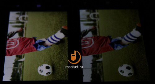По общим впечатлениям для своего класса экран очень хороший, на зернистость жаловаться не приходится, плотность точек на уровне 246PPI. В то же время в отличие от более дорогих моделей здесь нет стекла Gorilla Glass. Из ближайших примеров с такими же цифрами - HTC Radar, Philips W632 и LG Optimus Sol E730. На примерах Nokia Lumia 620 (справа) показана на фоне своего главного конкурента – HTC Windows Phone 8S (слева). Они очень похожи по цветопередаче, но все-таки отличия есть. У Nokia немного больше запас по яркости, оттенки передаются лучше, натуральнее.
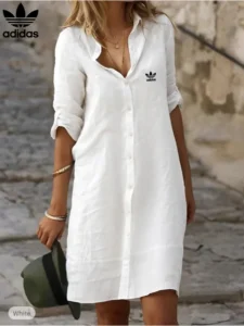 The Adidas – New Shirt Dress combines casual charm with the iconic sporty touch of the brand. Its relaxed yet flattering cut makes it perfect for those who value both comfort and style, while the button-down design adds a hint of sophistication.
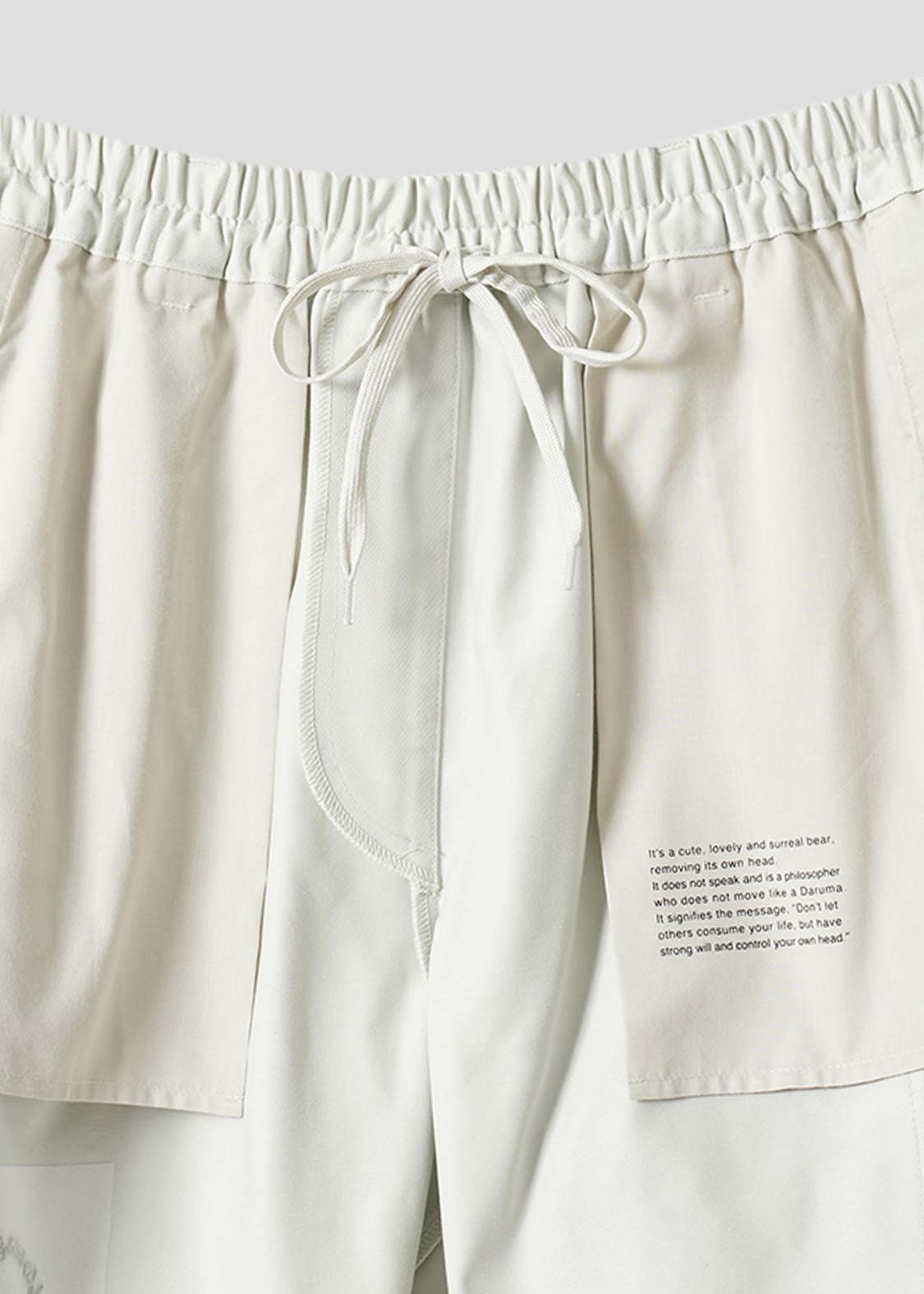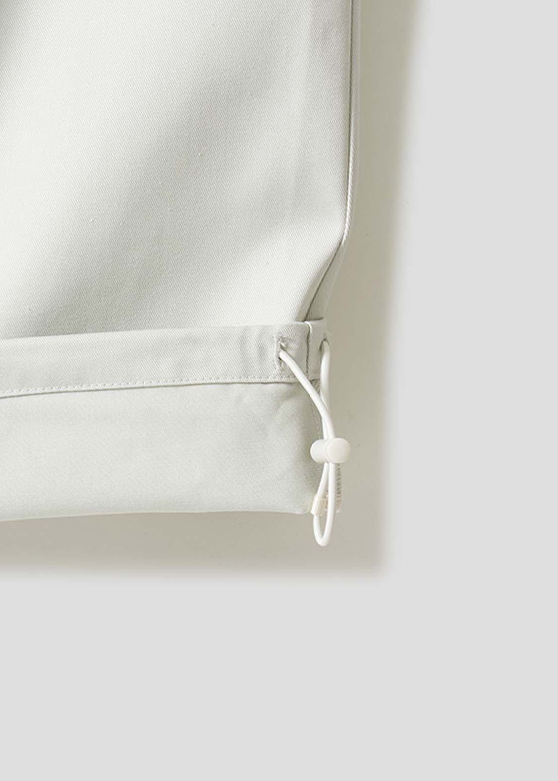 ・ウエストはゴム仕様で、ドローコード付きのため、腰まわりはラフな感覚で着用できます。

• ASSIGNMENT:
Using the data above, print every line exactly, omitting pictures.

• OUTPUT BELOW:
По общим впечатлениям для своего класса экран очень хороший, на зернистость жаловаться не приходится, плотность точек на уровне 246PPI. В то же время в отличие от более дорогих моделей здесь нет стекла Gorilla Glass. Из ближайших примеров с такими же цифрами - HTC Radar, Philips W632 и LG Optimus Sol E730. На примерах Nokia Lumia 620 (справа) показана на фоне своего главного конкурента – HTC Windows Phone 8S (слева). Они очень похожи по цветопередаче, но все-таки отличия есть. У Nokia немного больше запас по яркости, оттенки передаются лучше, натуральнее.
 The Adidas – New Shirt Dress combines casual charm with the iconic sporty touch of the brand. Its relaxed yet flattering cut makes it perfect for those who value both comfort and style, while the button-down design adds a hint of sophistication.
 ・ウエストはゴム仕様で、ドローコード付きのため、腰まわりはラフな感覚で着用できます。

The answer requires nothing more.